Crossing Point
The American Revolution has begun, and is threatening to spill out of Boston in April 1775 when Guy Watson, slave to Rhode Island’s Hazzard family, is hired out by his master as a carpenter. Hiring out Guy’s services has often happened before, but this time is different. Guy is not on his way to a Newport family, but to Charlestown, Massachusetts. There, he helps create fortifications across the river from Boston at Breed’s and Bunker Hill.
Something else strikes Guy as ominous. Master Hazzard is a British sympathizer, and tells Guy to keep his ears open, especially about American troops, and tell what he learns to a messenger that he will send. Hazzard makes clear that Guy’s future depends on his reports, along with the future of the woman Guy loves.
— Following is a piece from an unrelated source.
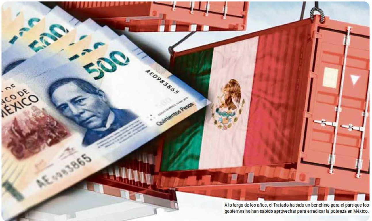
A lo largo de los años, el Tratado ha sido un beneficio para el país que los gobiernos no han sabido aprovechar para erradicar la pobreza en México.

Thus begins Crossing Point, James Glickman’s elegant historical novel centered on lesser-known events of the early Revolution, back when the name Benedict Arnold meant “hero,” not “traitor.” Guy becomes a shocked eyewitness to the brutal slaughter of British soldiers at Breed’s Hill, and participates in the grueling overland trek from Maine’s coast to Quebec City. Once more he sees disaster during the futile siege of that armored citadel by exhausted, starving American troops.
Glickman does a terrific job of fleshing out historical events with thoroughly believable characters from all strata of society from slave to General Washington. He follows the historical record closely, and paints events in glowing detail that seizes the imagination of even the most jaded reader. I couldn’t recommend Crossing Point more highly.